Jue. Abr 25th, 2024

Alemania trata de rebajar el alcance de la filtración de audios confidenciales de su ejército sobre la guerra en Ucrania. El Gobierno ha querido presentar como un episodio aislado la divulgación por parte de Rusia de unas conversaciones de altos mandos militares alemanes sobre el hipotético envío a Ucrania de misiles Taurus, que el canciller alemán, Olaf Scholz, rechaza suministrar. “Nuestros sistemas de comunicación no se vieron comprometidos”, ha afirmado este martes el ministro de Defensa, Boris Pistorius, tras las primeras investigaciones. “La razón por la que la llamada telefónica en las filas de las Fuerzas Aéreas alemanas pudo grabarse fue debido a un error individual”, ha indicado sobre la grabación difundida el pasado viernes por la redactora jefa del canal estatal ruso Russia Today, Margarita Simonián, cercana a la élite gobernante de Moscú.

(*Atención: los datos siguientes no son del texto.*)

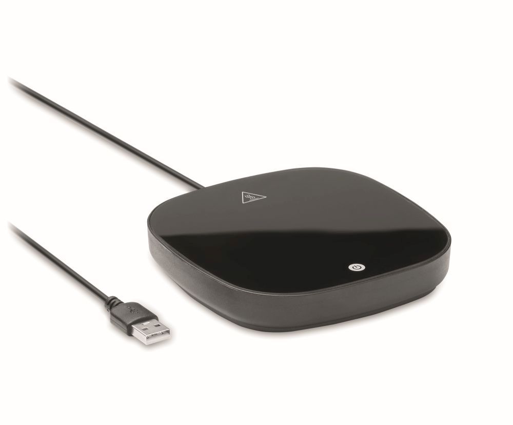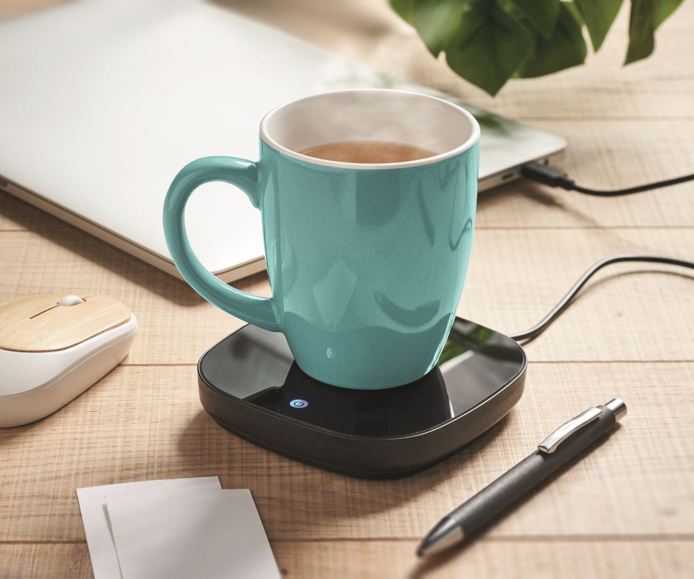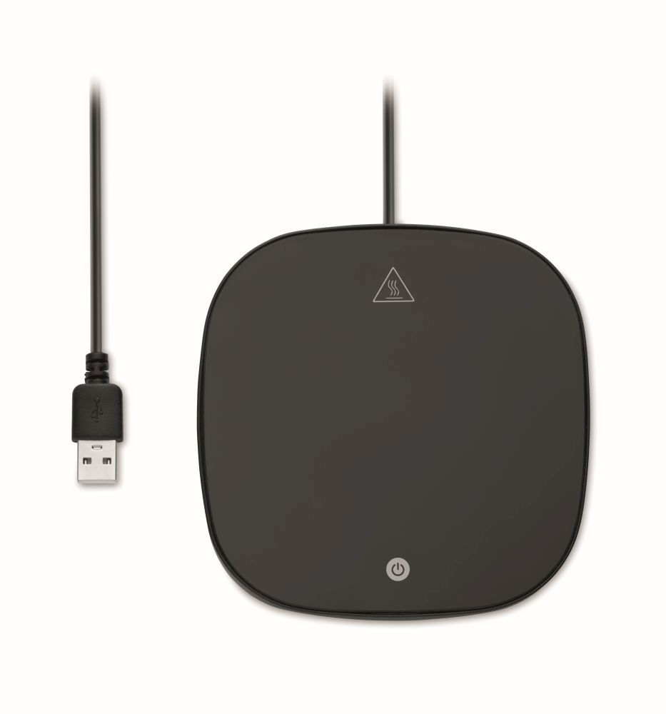 Zařízení na ohřívání hrnků. Vyrobeno z ABS. Udržuje nápoje teplé do max. 45 °C. Připojeno a napájeno přes USB. Rozměry: 15x15x3 cm

La intercepción de la conversación en la que se oye a miembros del ejército alemán hablar sobre el posible envío de misiles Taurus a Ucrania y su utilización para atacar el puente de Crimea, la península del país invadidod anexionada de forma ilegal por Rusia en 2014, fue posible gracias a que uno de los participantes, que estaba en esos momentos en un hotel en Singapur, no siguió “el procedimiento de marcación segura” prescrito por las autoridades. “Se conectó a través de una conexión no autorizada, es decir, a través de una conexión abierta”, ha detallado el ministro, que ha insistido también en que los sistemas de comunicación alemanes son seguros “si todos los requisitos se aplican correctamente”. “De eso no hay duda”, ha agregado.

El ministro ha intentado disipar así los temores de algunos países de la OTAN ante la posibilidad de que Alemania tenga un problema estructural de seguridad y de que esta filtración sea solo la punta del iceberg.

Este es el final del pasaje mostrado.